Federation and cross-registry discovery

This document describes how DeDi handles federation: the ability to discover and consume records that span multiple registries or namespaces without bespoke integration logic for each one.

What federation means in DeDi

In DeDi, federation is not a single mechanism. It covers three related patterns:

  1. Reference records — one registry holds a pointer to a record in another registry.
  2. Namespace delegation — a namespace authority documents that a sub-namespace is controlled by another party.
  3. Cross-registry consumers — a verifier queries multiple registries and applies unified validation logic.

Pattern 1: Reference records

The Beckn_subscriber_reference.json schema allows a directory entry to point to an authoritative record in another DeDi-compatible directory instead of storing the data directly.

When to use it: when an ecosystem registry does not own the underlying record but needs to expose a stable lookup path for consumers.

Example flow:

  1. Consumer queries GET /dedi/lookup/network.example/participants/merchant-xyz.
  2. The response contains a reference record pointing to registry.merchant.example/dedi/lookup/merchant-xyz/public-key/current.
  3. Consumer follows the reference, fetches the record from the target registry, and validates it against the public_key schema.

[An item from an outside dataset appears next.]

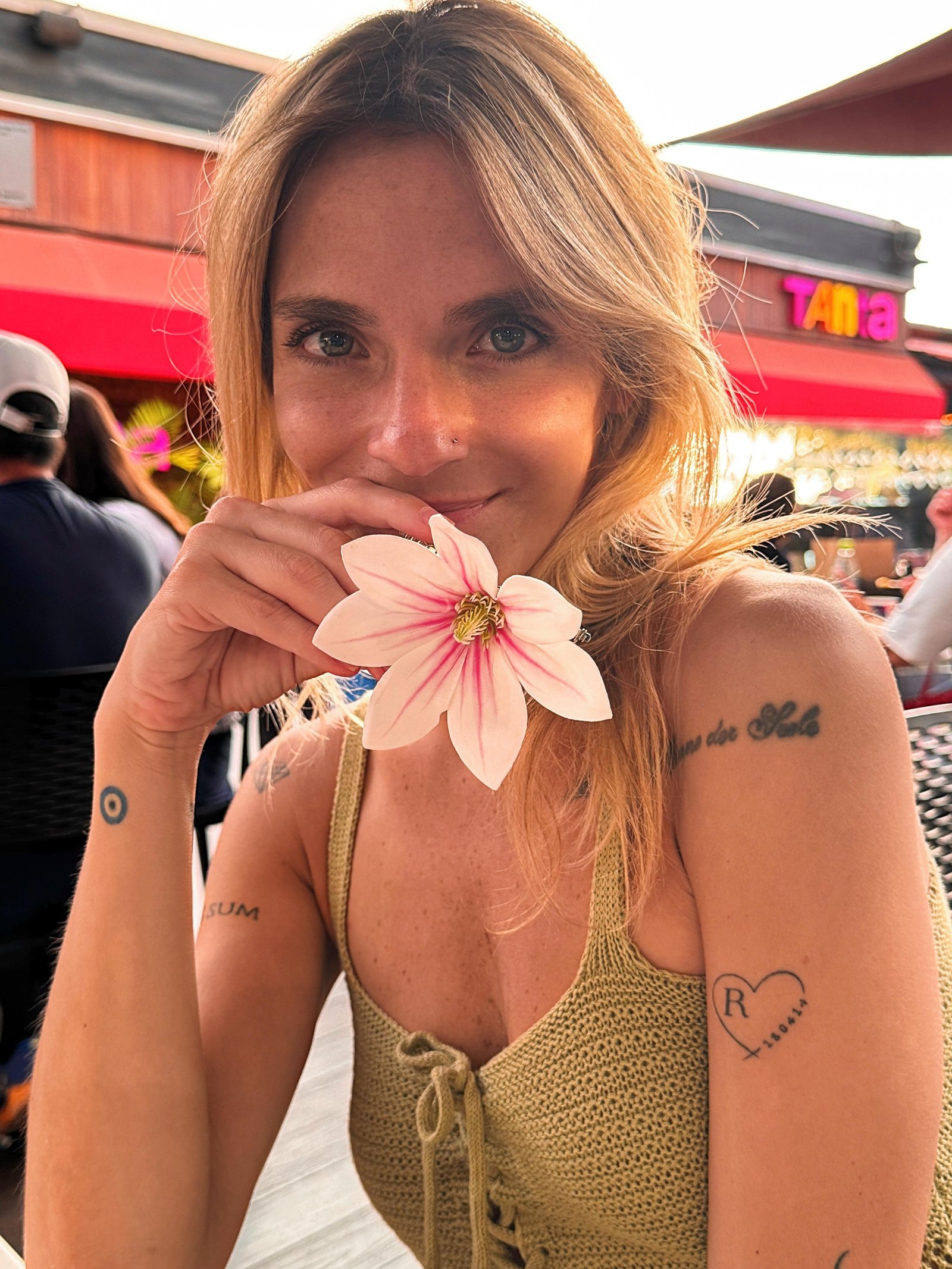 • Flor blanca con rosado

Consumer responsibility: validate both the reference record and the resolved record. Do not inherit trust from the referencing registry — verify the target namespace independently.

Pattern 2: Namespace delegation

A namespace authority may document that a child namespace is controlled by a different party. This is expressed through the namespace authority documentation required by protocol-spec.md § 3.

Operator responsibility: publish explicit documentation of any namespace delegation, including the delegated scope, the delegated party, and how the delegation can be verified.

Consumer responsibility: verify delegation at the trust bootstrap step, not at query time. Delegation does not automatically extend trust — the consumer must evaluate the trust model of the delegated namespace separately.

Pattern 3: Cross-registry consumers

A verifier that consumes from multiple registries should:

  1. Maintain a trusted namespace list — which namespaces are considered authoritative for which record types.
  2. Apply the same schema validation and freshness checks regardless of which registry a record came from.
  3. Log which registry and namespace provided each decision-relevant record.
  4. Handle failures independently per namespace — a lookup failure in one namespace should not cascade into failures for unrelated namespaces.

Anti-pattern: treating a record from one trusted namespace as sufficient evidence for decisions that span a different namespace. Trust is namespace-scoped.

Discovery in a federated context

When discovering registries across namespaces:

  1. Start from a known-good namespace (configured by your operator or governance model).
  2. Issue a namespace query to enumerate registries and schemas.
  3. Follow reference records only to namespaces already on your trusted list, or explicitly evaluate the new namespace before following.
  4. Do not follow reference chains beyond a depth your policy allows.

Practical checklist for federated deployments

  • Define which namespaces your system trusts, and document the decision.
  • Validate each namespace independently — do not inherit trust across namespace boundaries.
  • Follow reference records only within defined trust scope.
  • Log namespace and registry provenance for every decision.
  • Handle cross-registry lookup failures with independent fallback paths.
  • Review the Beckn_subscriber_reference schema for the reference record structure.